Саша, вытаскивая сковородку с яичницей из печки, засмеялась:
— Он грезит богами! Особенно богинями. Каждую ночь видит во сне Афродиту.
— Ну, выдумаешь!
— Очевидно, интерес к истории приходит с годами, — заметил Лялькевич. — В школе, в институте я не любил истории. Математикой и физикой увлекался. А вот теперь и мне хочется почитать о богах и о героях. К сожалению, некогда. Все мечтаю: возьму отпуск, удеру куда-нибудь в лес… У меня ведь столько знакомых лесников с партизанских времен! Захвачу чемодан книг и — запо́ем, запо́ем… С утра до вечера. Сплю и вижу, как я читаю, с каким наслаждением. — Лялькевич вздохнул, грустно улыбнулся. — Обычно фантазия разгорается у меня вечером. А утром проснусь — трезвость полная. Понимаю: никуда мне не спрятаться. Придет отпуск — надо лечиться. Поеду на курорт… Ну, и почитаю там не больше других… И опять — собрания, заседания…

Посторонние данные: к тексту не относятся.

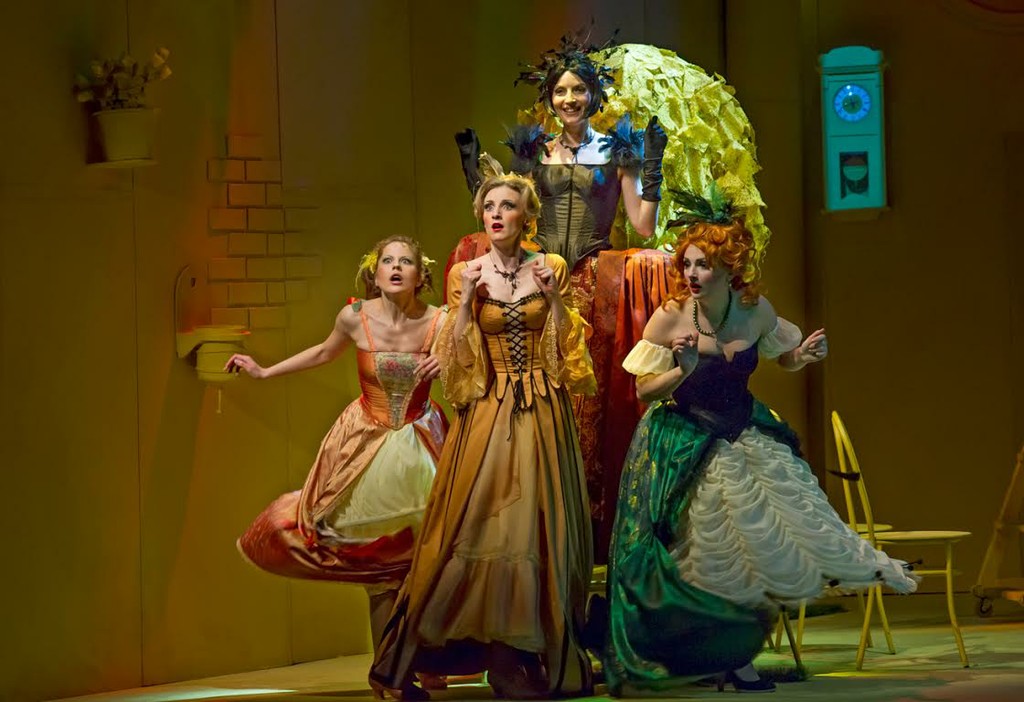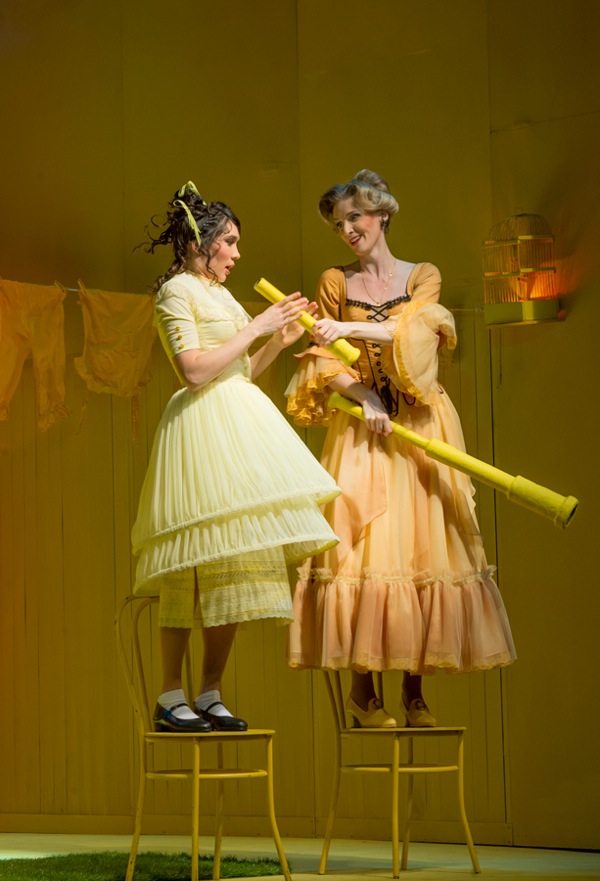 Всё буквально заряжено активностью и позитивом. Тому способствуют яркие солнечно-желтые краски в сценографии (художник-постановщик Сергей Бархин) и изысканные, стилизованные под условную старину платья (художник по костюмам Татьяна Бархина).

Саша поставила на застланный свежими газетами стол пузатую бутылочку, такую полную и прозрачную, что Петру показалось — она пустая. Он не удержался, переставил ее с места на место — убедился, что она наполнена по самую притертую стеклянную пробку чистейшим нектаром.
«Весь акушерский энзе выставила, — подумал весело. — Опять акушерка напишет в райздрав».
В день Красной Армии они с Бобковым выпросили у Саши граммов двести спирта — помянуть тех, кто шел рядом с ними и не дошел. Не только физические, но и душевные раны еще свежи у каждого. Вздорная девчонка, в голове у которой только кавалеры да интриги (а кавалеров нет, и она злится), написала в райздрав, что заведующая фельдшерским пунктом использует медицинский спирт для личных нужд. Петра поразил не самый донос, а то, что девушка, побывавшая на фронте, ничему не научилась. Для него фронт — университет разума.
Разведя спирт водой, Лялькевич поднял свой стакан.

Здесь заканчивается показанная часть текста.